**TASK PROMPT**
Your output consists solely of the lines from the one that contains "It researches and" to the end of the material, each reproduced exactly; pictures do not belong in it.

·····

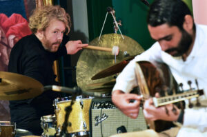 Fünf Musiker trafen sich unvorbereitet, spontan und brachten musikalisch Kulturkreise zusammen. Dazu kam der Journalist und Zeichner Henning Bolte aus Amsterdam, der Bilder während des Konzertes entstehen ließ, die als Projektion fuer die Zuhörer sichtbar wurden. Ausserdem ergänzete Rebecca Tonet mit ihrer Videoinstallation die musikalische Begegnung.
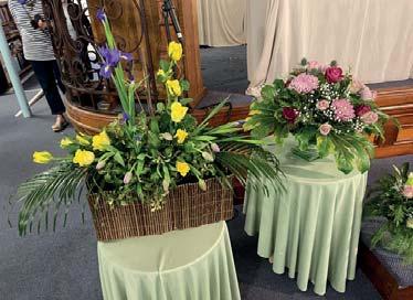 The winner of the competition for a vase of Spring Flowers was Fiona Quinn as above. ur next meeting will be on Monday 19 May 2025 in the Guild Room opposite St. Mary’s Church at 7.30pm. The speaker will be the Head Gardener of Beth Chatto’s Garden on The Past, Present and Future of Beth Chatto.
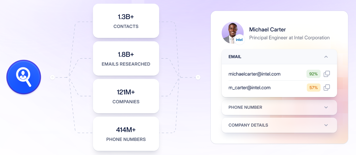 It researches and validates contact information across more than 1.3 billion business contacts and 121 million companies, allowing sales teams to reach decision-makers faster and with higher accuracy.
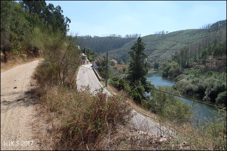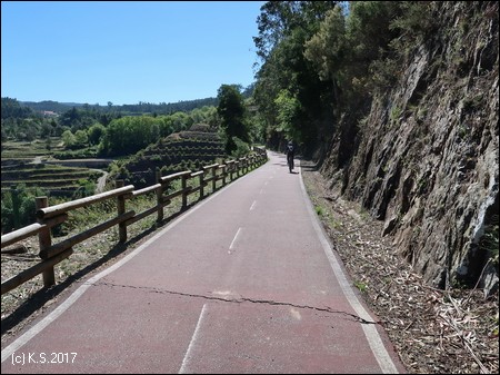 Direkt im Anschluss leitet die Brücke von Negrelos über den Rio Vouga die nächste Kehrschleife ein, denn nun geht es wieder hinauf in die Berge. Hier endet auch schon wieder der Ausbau des Radwegs (Blick zurück).
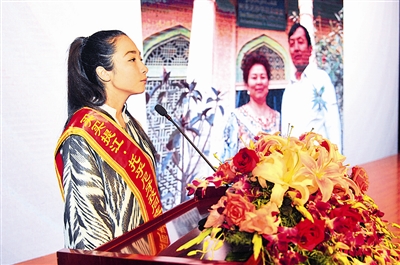 | 9日上午,买买提江·托乎尼牙孜的女儿深情讲述她眼中的父亲。 周尔博 摄 |
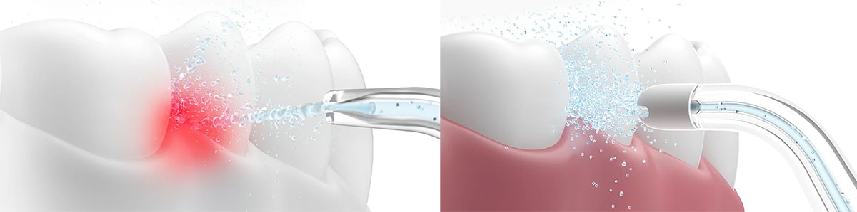 Questo a riduce il disagio spesso creato dai tradizionali idropulsori ad alta pressione, offrendo una pulizia efficace ma rispettosa delle gengive.
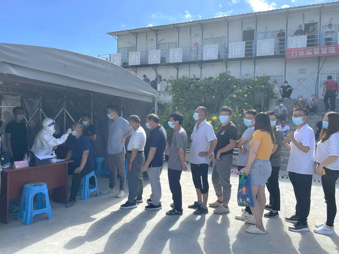 圖為員工排隊檢測 經(jīng)過兩個多小時緊張有序核酸采樣,共完成對全線400余名參建員工核酸檢測樣本采集,實現(xiàn)100%核酸檢測全覆蓋。
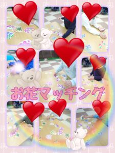 紙に印刷されたお花の中から、同じ絵柄を見つけて重ねていく活動です✨🔍
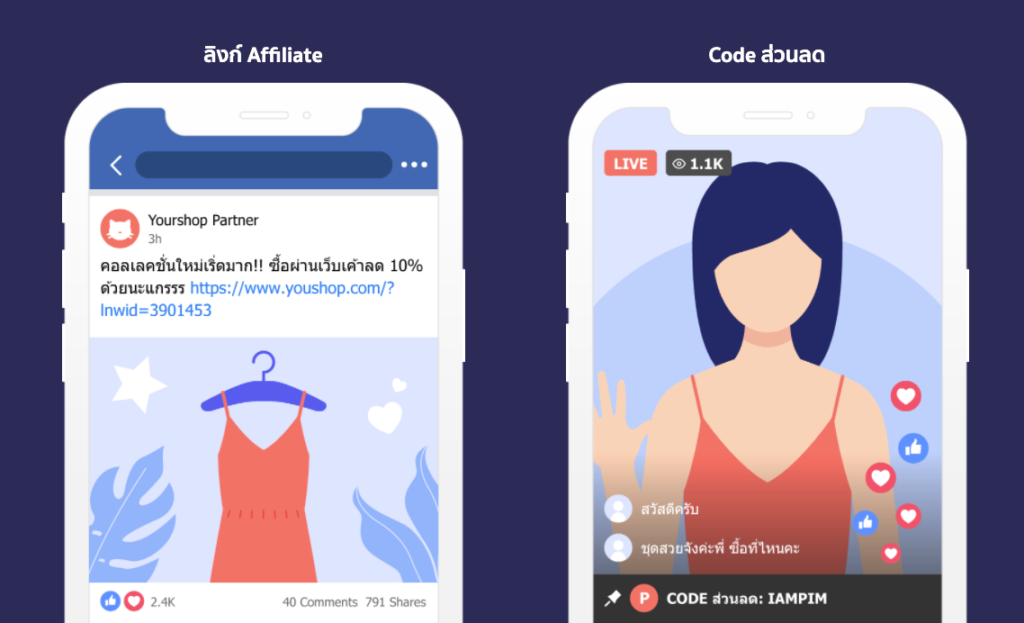 - ใช้ลิงก์ Affiliate โดย Link Affiliate คือ ลิงก์ที่สามารถ track ได้ว่าลูกค้าที่ซื้อของไป มีพาร์ทเนอร์คนไหนเป็นคนแนะนำ เมื่อลูกค้าเข้ามาแล้วซื้อของผ่านลิงก์นี้ พาร์ทเนอร์เจ้าของลิงก์จะได้รับค่าคอมมิชชั่น

·····

**TASK RESULT**
 It researches and validates contact information across more than 1.3 billion business contacts and 121 million companies, allowing sales teams to reach decision-makers faster and with higher accuracy.
 Direkt im Anschluss leitet die Brücke von Negrelos über den Rio Vouga die nächste Kehrschleife ein, denn nun geht es wieder hinauf in die Berge. Hier endet auch schon wieder der Ausbau des Radwegs (Blick zurück).
 | 9日上午,买买提江·托乎尼牙孜的女儿深情讲述她眼中的父亲。 周尔博 摄 |
 Questo a riduce il disagio spesso creato dai tradizionali idropulsori ad alta pressione, offrendo una pulizia efficace ma rispettosa delle gengive.
 圖為員工排隊檢測 經(jīng)過兩個多小時緊張有序核酸采樣,共完成對全線400余名參建員工核酸檢測樣本采集,實現(xiàn)100%核酸檢測全覆蓋。
 紙に印刷されたお花の中から、同じ絵柄を見つけて重ねていく活動です✨🔍
 - ใช้ลิงก์ Affiliate โดย Link Affiliate คือ ลิงก์ที่สามารถ track ได้ว่าลูกค้าที่ซื้อของไป มีพาร์ทเนอร์คนไหนเป็นคนแนะนำ เมื่อลูกค้าเข้ามาแล้วซื้อของผ่านลิงก์นี้ พาร์ทเนอร์เจ้าของลิงก์จะได้รับค่าคอมมิชชั่น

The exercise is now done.